SOURCE MATERIAL START

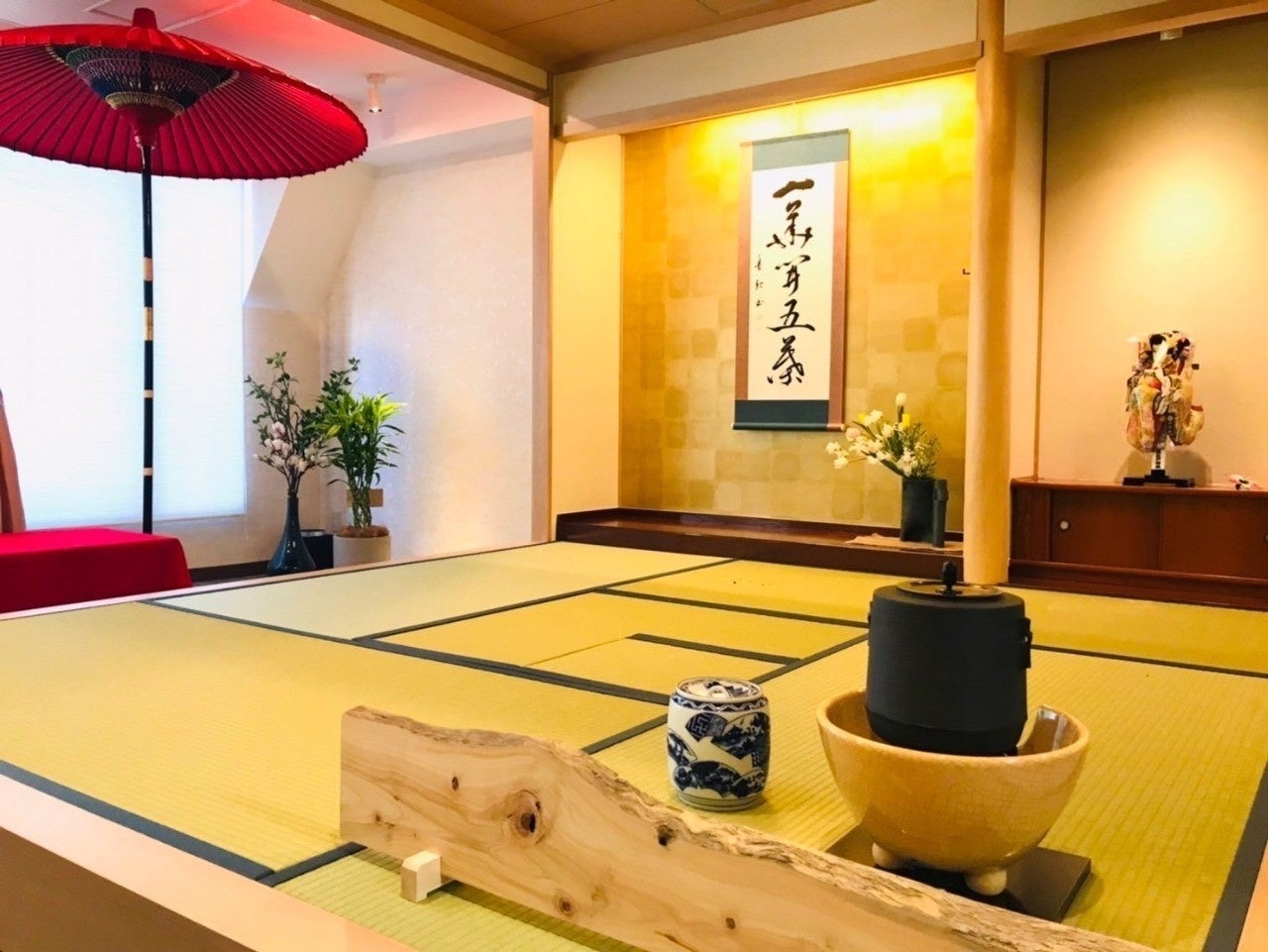和茶子-wasako-は、浅草駅から徒歩20秒、雷門の近くに位置する茶道体験サロンです。茶道の実演を見学し、抹茶と和菓子を楽しんだ後、お客様自身で抹茶を点てる体験ができます。店内は和の設えで統一されており、畳や特別な掛け軸、またR-LIVEハイレゾリューションスピーカーで再生される日本の森林の音により、リラックスできる空間を提供しています。また、室内は免疫加工が施され、善玉菌を噴霧する加湿器が稼働しており、マインドフルネスを促進する環境です。
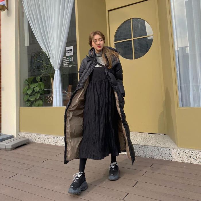 不少小伙伴担心厚衣服显胖,会选择紧身的裤子,再踩一双厚底的老爹鞋。
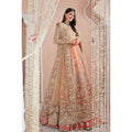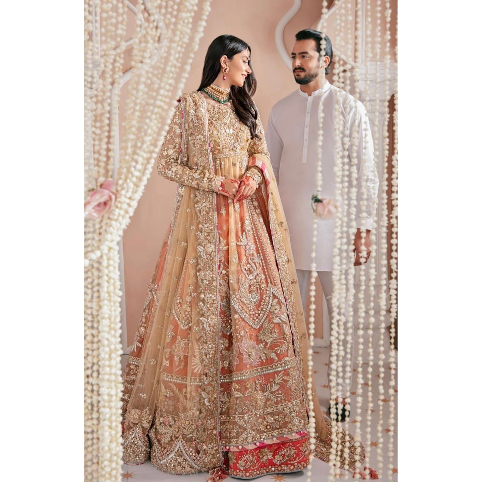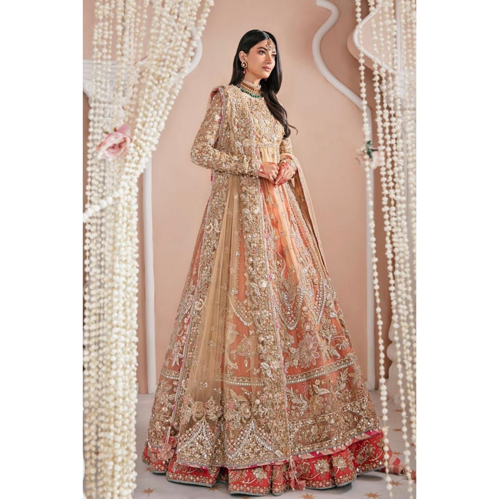 Peachy-orange base with heavy golden embroidery and embellishments, accented with red and silver details.
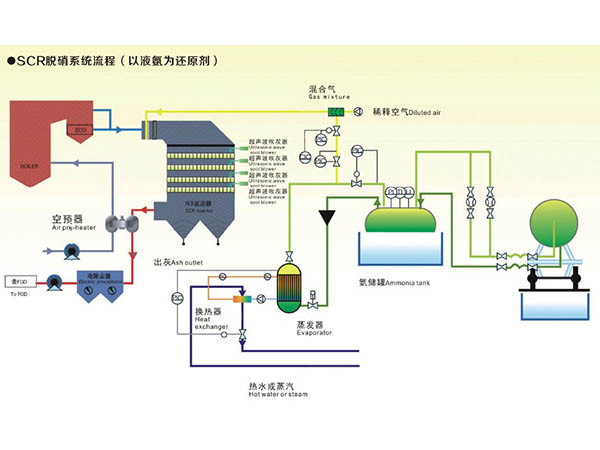 SCR脱硝工艺流程图 发布时间:2019-03-28 产品说明:SCR脱硝技术是指在催化剂的作用下,利用还原剂(如NH3)“有选择性”地与烟气中的NOx反应并生成无毒的N2和H2O。选择性是指在烟气脱硝过程中烟气脱硝催化剂有选择性地将NOx还原为氮气,而烟气中的SO2被氧化成SO3。
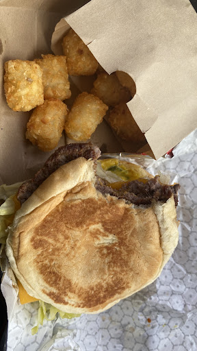 I think I tried this brand at some company picnic that was catered years ago. I don't think it was notable then and I guess I reaffirmed that today. See photos. For a combo with a regular size shake you are looking and $15+. While I don't necessarily have a problem paying that much for a burger lunch, it has to be delicious, and unfortunately I grade this meal at a C minus. The good: the food was at a good temperature, served quickly and the customer service was also good. The bad: The burger meat tastes bland and I mean unseasoned. Maybe they salt and pepper the outside as it's on the grill, but once you taste the inside of the meat patty, it is definitely unseasoned and could be any kind of hamburger meat at that point. Don't think too long about that. The burger was a bit messy. Either too much water left in the lettuce or they have the veggies on ice or something. By the time I got 3/4th the way through the thing, it was falling apart, so I just ended up ditching the bread and veggies and pulling out the meat and cheese to finish it off. The tater tots just seemed average, no real complaints there, but the size of their regular shake was pretty small. I asked the drive through clerk if that was a kid's size. He responded, no, we get that question a lot. Well, message to the owners, there's your clear and honest undercover boss moment. Time to upgrade the shake size. For $4, I could probably circle back to Baskin Robbins and get something a little better than soft serve for the same price. Maybe. I don't know. But why make me think that with your small shake size? Ha ha.
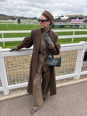Details: Long line peat brown coat featuring Mother of Pearl Button

SOURCE MATERIAL END

EXERCISE INSTRUCTIONS:
All of the records need repeating exactly, except for the pictures.

FINISHED EXERCISE:
和茶子-wasako-は、浅草駅から徒歩20秒、雷門の近くに位置する茶道体験サロンです。茶道の実演を見学し、抹茶と和菓子を楽しんだ後、お客様自身で抹茶を点てる体験ができます。店内は和の設えで統一されており、畳や特別な掛け軸、またR-LIVEハイレゾリューションスピーカーで再生される日本の森林の音により、リラックスできる空間を提供しています。また、室内は免疫加工が施され、善玉菌を噴霧する加湿器が稼働しており、マインドフルネスを促進する環境です。
 不少小伙伴担心厚衣服显胖,会选择紧身的裤子,再踩一双厚底的老爹鞋。
 Peachy-orange base with heavy golden embroidery and embellishments, accented with red and silver details.
 SCR脱硝工艺流程图 发布时间:2019-03-28 产品说明:SCR脱硝技术是指在催化剂的作用下,利用还原剂(如NH3)“有选择性”地与烟气中的NOx反应并生成无毒的N2和H2O。选择性是指在烟气脱硝过程中烟气脱硝催化剂有选择性地将NOx还原为氮气,而烟气中的SO2被氧化成SO3。
 I think I tried this brand at some company picnic that was catered years ago. I don't think it was notable then and I guess I reaffirmed that today. See photos. For a combo with a regular size shake you are looking and $15+. While I don't necessarily have a problem paying that much for a burger lunch, it has to be delicious, and unfortunately I grade this meal at a C minus. The good: the food was at a good temperature, served quickly and the customer service was also good. The bad: The burger meat tastes bland and I mean unseasoned. Maybe they salt and pepper the outside as it's on the grill, but once you taste the inside of the meat patty, it is definitely unseasoned and could be any kind of hamburger meat at that point. Don't think too long about that. The burger was a bit messy. Either too much water left in the lettuce or they have the veggies on ice or something. By the time I got 3/4th the way through the thing, it was falling apart, so I just ended up ditching the bread and veggies and pulling out the meat and cheese to finish it off. The tater tots just seemed average, no real complaints there, but the size of their regular shake was pretty small. I asked the drive through clerk if that was a kid's size. He responded, no, we get that question a lot. Well, message to the owners, there's your clear and honest undercover boss moment. Time to upgrade the shake size. For $4, I could probably circle back to Baskin Robbins and get something a little better than soft serve for the same price. Maybe. I don't know. But why make me think that with your small shake size? Ha ha.
Details: Long line peat brown coat featuring Mother of Pearl Button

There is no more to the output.